Nonostante Cattelan non possa essere considerato un artista politico in senso stretto, molte delle sue opere, a partire da Campagna elettorale (1989), che l’artista firma con lo pseudonimo «Cooperativa Romagnola Scienziati», presentano risvolti politici e sociali piuttosto evidenti.

«Ho sempre diffidato delle ideologie», dichiara l’artista, ma di fatto è possibile rintracciare un filone legato a questo tema nel suo lavoro.

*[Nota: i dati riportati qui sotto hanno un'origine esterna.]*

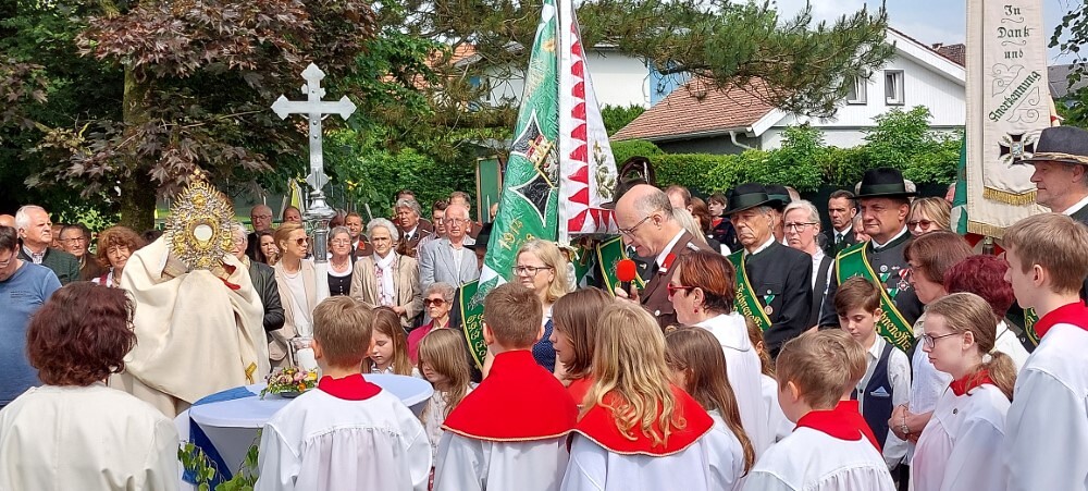 Im Anschluss an die Hl. Messe, zelebriert von Vikar Gerhard Hatzmann und begleitet von Kantorin, Lektoren und liturgischen Diensten beider Pfarren, fand eine Andacht bei den vier Stationen am Dorfplatz statt. Für die kleine Prozession waren vier Brottische als Altäre gerichtet, als Sinnbild für die vier Himmelsrichtungen und dafür, dass Christus der Heiland der ganzen Welt ist. Im gemeinsamen Liedruf "Brot des Lebens" zogen die liturgischen Dienste und die Kinder stellvertretend für das Volk Gottes zu den vier Altären: Brot der Liebe – Brot der Versöhnung – Brot des Friedens – Brot der Hoffnung. Zum Abschluss erteilte Vikar Hatzmann den Eucharistischen Segen, verbunden mit der Einladung, das Allerheiligste gemeinsam zur Kirche zu begleiten. Die Feier schloss mit dem gemeinsam gesungenen "Te Deum" ab. Zu den Feierlichkeiten waren auch die Vereine wie Feuerwehr und ÖKB eingeladen.

Del resto, l’artista trascorre la sua adolescenza durante gli Anni di piombo, quando l’Italia è sconvolta dal terrorismo delle Brigate rosse, e Padova, città natale dell’artista, è uno dei centri dell’Autonomia operaia, e quindi Cattelan respira fin da ragazzo un’atmosfera socialmente e politicamente turbolenta. Non è un caso che nel 1994 espone alla Galleria Daniel Buchholz di Colonia l’opera Senza titolo (1994), una carta da parati composta dall’ingrandimento della pagina del “Corriere della Sera” pubblicata il 19 marzo 1978, con l’immagine di Aldo Moro davanti al simbolo delle Brigate rosse; la stella a cinque punte alla quale l’artista aggiunge una coda con vernice rossa spray, in modo da farla diventare una stella cometa. Un «ready made assistito», secondo la definizione di Marcel Duchamp, che sdrammatizza uno dei momenti più drammatici vissuti dal nostro paese negli ultimi cinquant’anni.

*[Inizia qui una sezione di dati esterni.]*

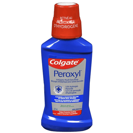 Colgate® Peroxyl® Mouth Sore Rinse. 1.5% hydrogen peroxide antiseptic oral cleanser & rinse. Cleans & promotes healing of minor mouth wounds. Reduces bacteria to help prevent infection in minor oral wounds. Oxygenating action removes oral debris to facilitate healing. Original Mint.

Nello stesso anno Cattelan risponde all’attentato organizzato dalla mafia al PAC di Milano nel 1993, con l’esplosione di una bomba che aveva causato la morte di cinque persone, con Lullaby, esposta nella Galleria Laure Genillard a Londra, in occasione della prima mostra personale dell’artista fuori Italia. Si tratta di due grandi contenitori in plastica blu, usati in genere per le demolizioni, riempiti con le macerie del Padiglione d’arte contemporanea. «L’idea era quella di richiamare qualcosa, un ricordo. Un po’ come quando si manda una cartolina per celebrare una ricorrenza», sottolinea Cattelan. «Queste grandi buste assomigliano a quelle usate negli ospedali per la biancheria contaminata», aggiunge, ripensando agli anni di lavoro in ospedale a Padova. Anche il titolo, tradotto in italiano con la parola Ninnananna fa riferimento a un evento tragico ma fuori contesto, quasi paradossale nella sua assurdità, visto che ancora oggi il movente è rimasto misterioso. Lo sguardo di Cattelan sul volto politico del suo paese continua con una delle sue opere più note, Il Bel Paese (1994), presentata per la prima volta nella collettiva Soggetto-Soggetto: Una nuova relazione nell’arte d’oggi (1994) al Castello di Rivoli, curata da Francesca Pasini e Giorgio Verzotti.

Christmas '95 (1995).


I Found My Love in Portofino (1994).
Prendendo spunto da una celebre canzone di Fred Buscaglione (1958) Cattelan realizza un video che mostra una forma di formaggio Bel Paese Galbani mangiato da alcuni topolini, mentre rosicchiano la mappa dell’Italia. Una forma sottile e ironica di critica all’identità del nostro paese, attraverso un’opera tipica dello stile dell’artista.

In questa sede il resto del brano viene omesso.